Faes Luca, Nollo Giandomenico, Chon Ki H
Lab. Biosegnali, Dipartimento di Fisica, Università di Trento, via Sommarive 14, Povo, Trento, 38050, Italy,
Ann Biomed Eng. 2008 Mar;36(3):381-95. doi: 10.1007/s10439-008-9441-z. Epub 2008 Jan 29.
A method for assessing Granger causal relationships in bivariate time series, based on nonlinear autoregressive (NAR) and nonlinear autoregressive exogenous (NARX) models is presented. The method evaluates bilateral interactions between two time series by quantifying the predictability improvement (PI) of the output time series when the dynamics associated with the input time series are included, i.e., moving from NAR to NARX prediction. The NARX model identification was performed by the optimal parameter search (OPS) algorithm, and its results were compared to the least-squares method to determine the most appropriate method to be used for experimental data. The statistical significance of the PI was assessed using a surrogate data technique. The proposed method was tested with simulation examples involving short realizations of linear stochastic processes and nonlinear deterministic signals in which either unidirectional or bidirectional coupling and varying strengths of interactions were imposed. It was found that the OPS-based NARX model was accurate and sensitive in detecting imposed Granger causality conditions. In addition, the OPS-based NARX model was more accurate than the least squares method. Application to the systolic blood pressure and heart rate variability signals demonstrated the feasibility of the method. In particular, we found a bilateral causal relationship between the two signals as evidenced by the significant reduction in the PI values with the NARX model prediction compared to the NAR model prediction, which was also confirmed by the surrogate data analysis. Furthermore, we found significant reduction in the complexity of the dynamics of the two causal pathways of the two signals as the body position was changed from the supine to upright. The proposed is a general method, thus, it can be applied to a wide variety of physiological signals to better understand causality and coupling that may be different between normal and diseased conditions.

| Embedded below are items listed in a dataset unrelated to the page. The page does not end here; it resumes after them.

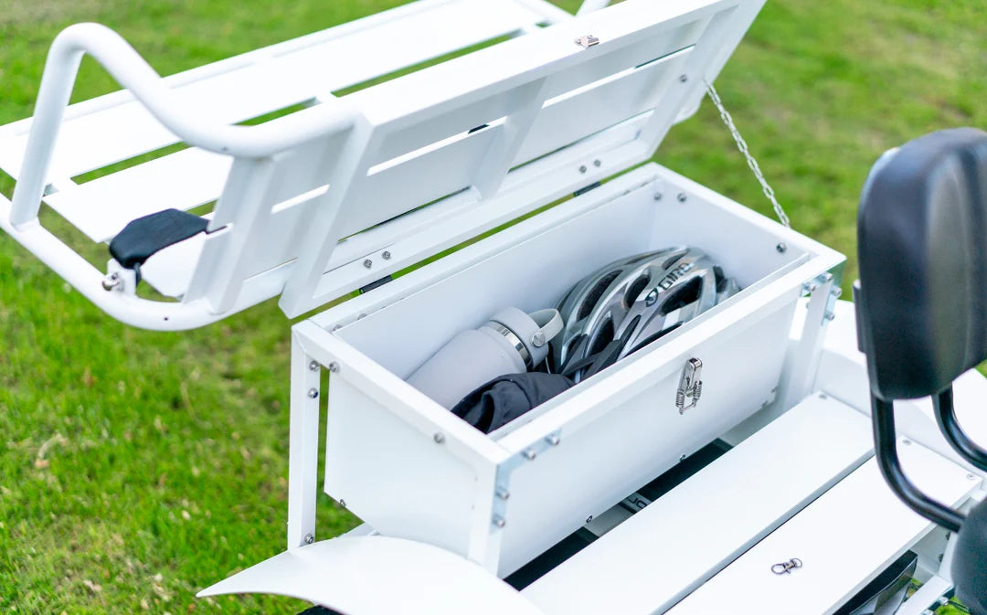 The Emojo Bull Urban Cruiser is perfect for carrying passengers or cargo. The rear bench can support up to 130 lbs, making it ideal for family rides. It also features hidden storage beneath the bench for storing snacks, toys, or other essentials. When you need extra cargo space, the rear bench can be swapped out for a rear basket to carry additional loads.
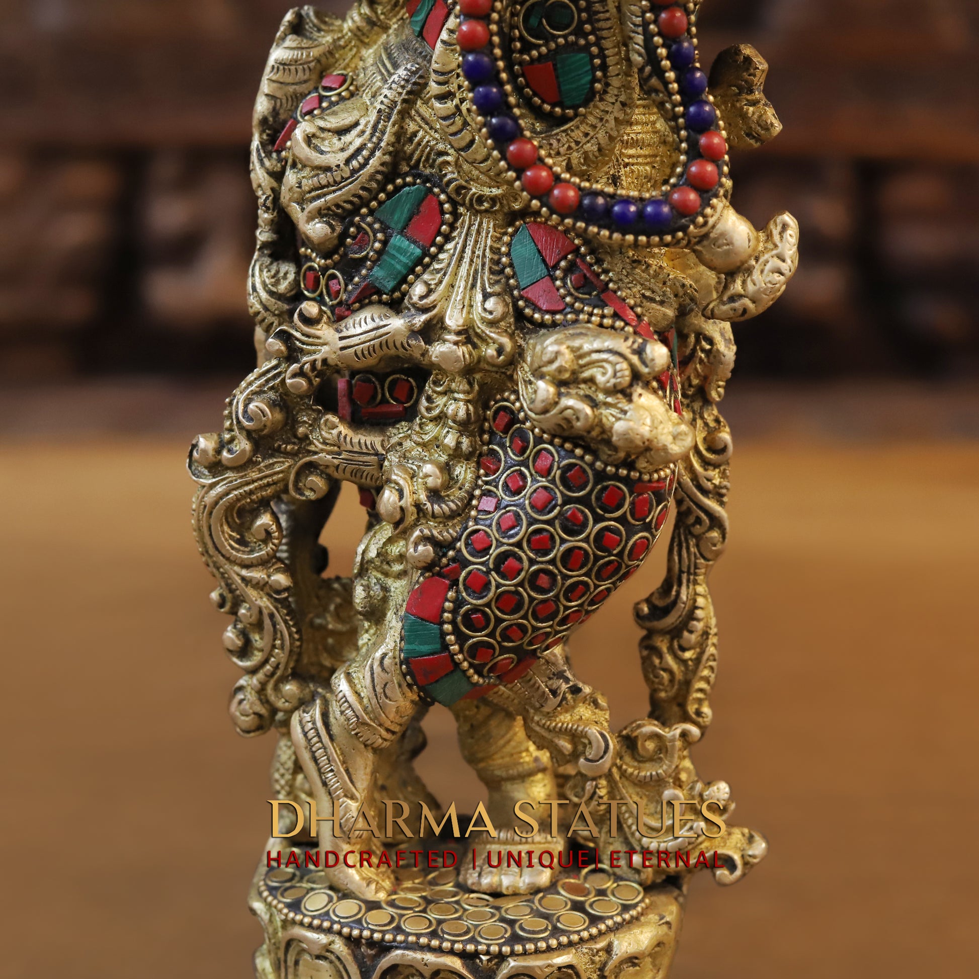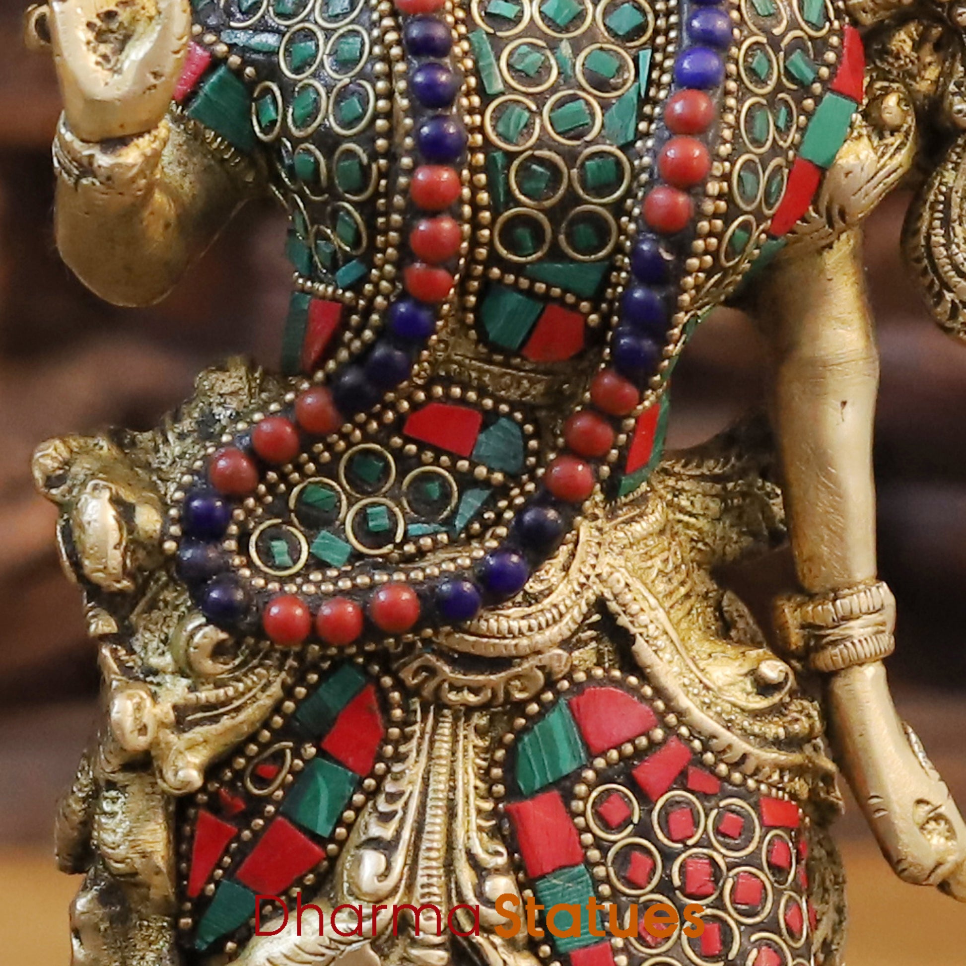 Expertly crafted in brass, this Radha & Krishna figurine features intricate stonework and a stunning golden finish. With their flutes in hand, they embody the divine love and harmony of Hindu mythology. Standing at 16.5", this piece adds a touch of elegance and spirituality to any space.
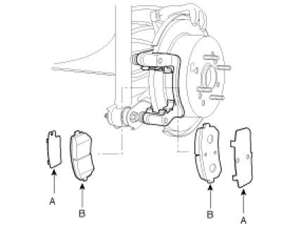 2. Check the foreign material at the pad shim (A) and the back of the pads (B).

提出了一种基于非线性自回归(NAR)和非线性自回归外生(NARX)模型评估双变量时间序列格兰杰因果关系的方法。该方法通过量化当包含与输入时间序列相关的动态时输出时间序列的预测性改善(PI)来评估两个时间序列之间的双向相互作用,即从NAR预测转变为NARX预测。NARX模型识别通过最优参数搜索(OPS)算法进行,并将其结果与最小二乘法进行比较,以确定用于实验数据的最合适方法。使用替代数据技术评估PI的统计显著性。所提出的方法通过模拟示例进行测试,这些示例涉及线性随机过程的短实现和非线性确定性信号,其中施加了单向或双向耦合以及不同强度的相互作用。结果发现,基于OPS的NARX模型在检测施加的格兰杰因果关系条件方面准确且灵敏。此外,基于OPS的NARX模型比最小二乘法更准确。将该方法应用于收缩压和心率变异性信号证明了其可行性。特别是,我们发现与NAR模型预测相比,NARX模型预测的PI值显著降低,这证明了两个信号之间存在双向因果关系,替代数据分析也证实了这一点。此外,我们发现当身体位置从仰卧变为直立时,两个信号的两条因果路径的动态复杂性显著降低。所提出的方法是一种通用方法,因此,它可以应用于各种各样的生理信号,以更好地理解正常和患病状态下可能不同的因果关系和耦合。